■ Exercise directions: Restate the whole listing below word for word and keep the images out.

■ Source material:
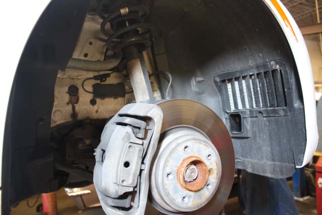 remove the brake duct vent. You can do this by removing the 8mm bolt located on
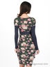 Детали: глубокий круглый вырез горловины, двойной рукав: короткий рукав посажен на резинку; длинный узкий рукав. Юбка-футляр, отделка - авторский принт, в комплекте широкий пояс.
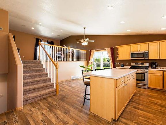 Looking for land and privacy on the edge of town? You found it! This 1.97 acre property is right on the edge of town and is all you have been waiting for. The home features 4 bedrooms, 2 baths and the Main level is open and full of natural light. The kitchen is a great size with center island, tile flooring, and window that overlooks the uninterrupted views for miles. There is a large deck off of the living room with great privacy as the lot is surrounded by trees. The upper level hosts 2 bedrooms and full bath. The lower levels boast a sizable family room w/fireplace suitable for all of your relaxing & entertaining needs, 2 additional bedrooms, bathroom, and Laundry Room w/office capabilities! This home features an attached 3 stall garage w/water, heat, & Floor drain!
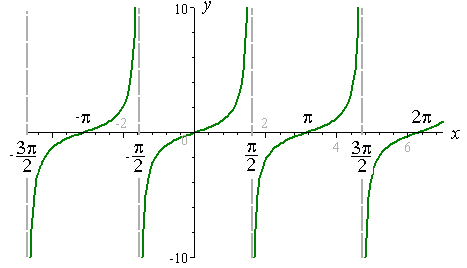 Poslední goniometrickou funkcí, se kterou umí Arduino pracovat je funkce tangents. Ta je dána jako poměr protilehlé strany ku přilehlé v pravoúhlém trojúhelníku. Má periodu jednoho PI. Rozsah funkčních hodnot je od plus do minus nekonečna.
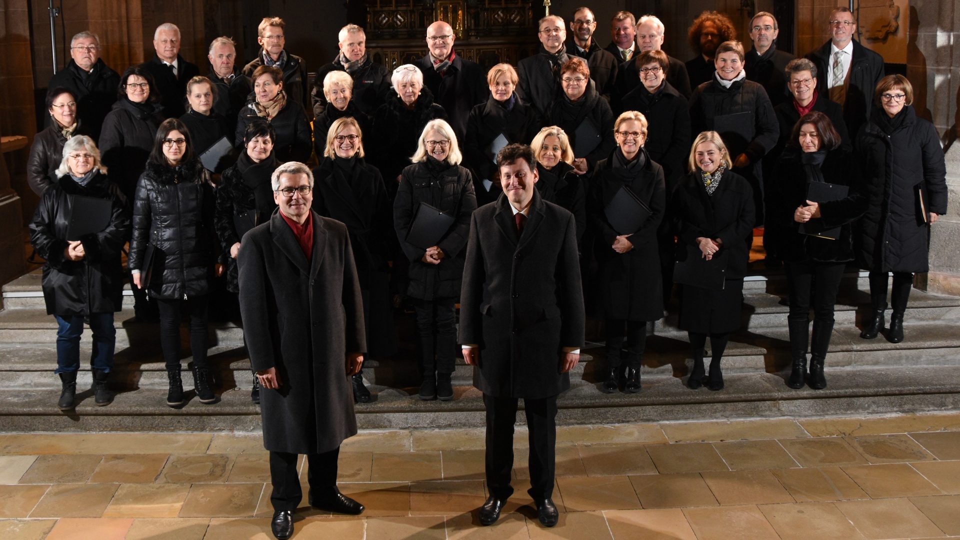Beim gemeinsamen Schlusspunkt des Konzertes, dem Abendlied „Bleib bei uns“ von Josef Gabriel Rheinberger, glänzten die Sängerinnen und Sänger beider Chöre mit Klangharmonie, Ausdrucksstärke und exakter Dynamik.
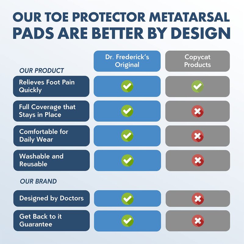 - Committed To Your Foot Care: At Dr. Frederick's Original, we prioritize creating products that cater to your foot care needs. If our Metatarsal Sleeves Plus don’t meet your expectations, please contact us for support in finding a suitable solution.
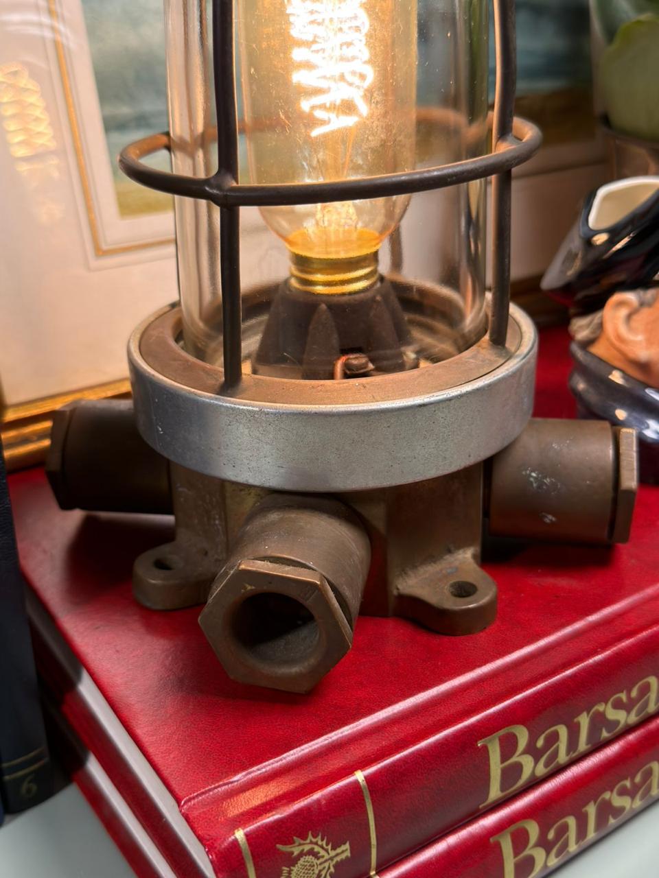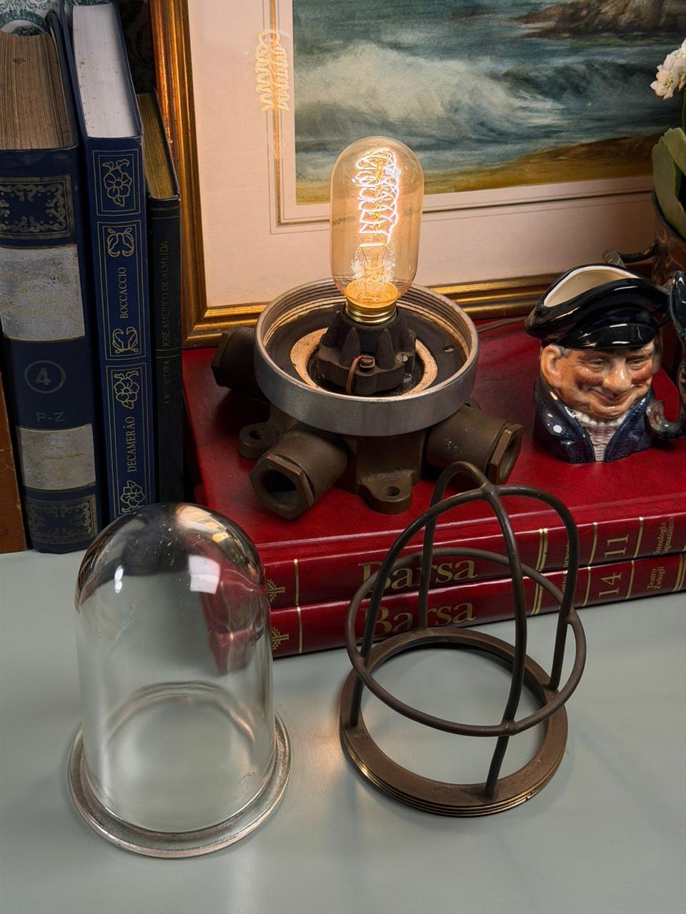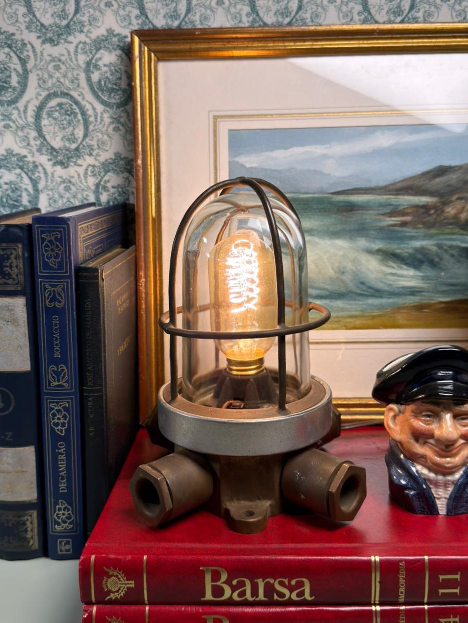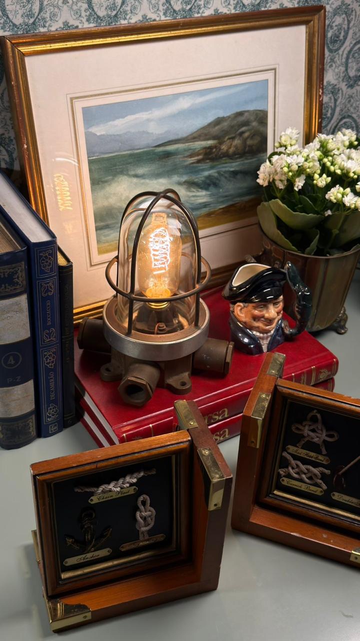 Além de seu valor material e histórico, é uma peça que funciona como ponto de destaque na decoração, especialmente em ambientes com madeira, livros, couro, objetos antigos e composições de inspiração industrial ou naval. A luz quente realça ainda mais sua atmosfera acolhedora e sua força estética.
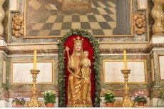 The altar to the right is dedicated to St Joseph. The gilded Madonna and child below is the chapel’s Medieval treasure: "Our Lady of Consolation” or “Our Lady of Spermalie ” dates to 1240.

■ Output for this task:
 remove the brake duct vent. You can do this by removing the 8mm bolt located on
 Детали: глубокий круглый вырез горловины, двойной рукав: короткий рукав посажен на резинку; длинный узкий рукав. Юбка-футляр, отделка - авторский принт, в комплекте широкий пояс.
 Looking for land and privacy on the edge of town? You found it! This 1.97 acre property is right on the edge of town and is all you have been waiting for. The home features 4 bedrooms, 2 baths and the Main level is open and full of natural light. The kitchen is a great size with center island, tile flooring, and window that overlooks the uninterrupted views for miles. There is a large deck off of the living room with great privacy as the lot is surrounded by trees. The upper level hosts 2 bedrooms and full bath. The lower levels boast a sizable family room w/fireplace suitable for all of your relaxing & entertaining needs, 2 additional bedrooms, bathroom, and Laundry Room w/office capabilities! This home features an attached 3 stall garage w/water, heat, & Floor drain!
 Poslední goniometrickou funkcí, se kterou umí Arduino pracovat je funkce tangents. Ta je dána jako poměr protilehlé strany ku přilehlé v pravoúhlém trojúhelníku. Má periodu jednoho PI. Rozsah funkčních hodnot je od plus do minus nekonečna.
Beim gemeinsamen Schlusspunkt des Konzertes, dem Abendlied „Bleib bei uns“ von Josef Gabriel Rheinberger, glänzten die Sängerinnen und Sänger beider Chöre mit Klangharmonie, Ausdrucksstärke und exakter Dynamik.
 - Committed To Your Foot Care: At Dr. Frederick's Original, we prioritize creating products that cater to your foot care needs. If our Metatarsal Sleeves Plus don’t meet your expectations, please contact us for support in finding a suitable solution.
 Além de seu valor material e histórico, é uma peça que funciona como ponto de destaque na decoração, especialmente em ambientes com madeira, livros, couro, objetos antigos e composições de inspiração industrial ou naval. A luz quente realça ainda mais sua atmosfera acolhedora e sua força estética.
 The altar to the right is dedicated to St Joseph. The gilded Madonna and child below is the chapel’s Medieval treasure: "Our Lady of Consolation” or “Our Lady of Spermalie ” dates to 1240.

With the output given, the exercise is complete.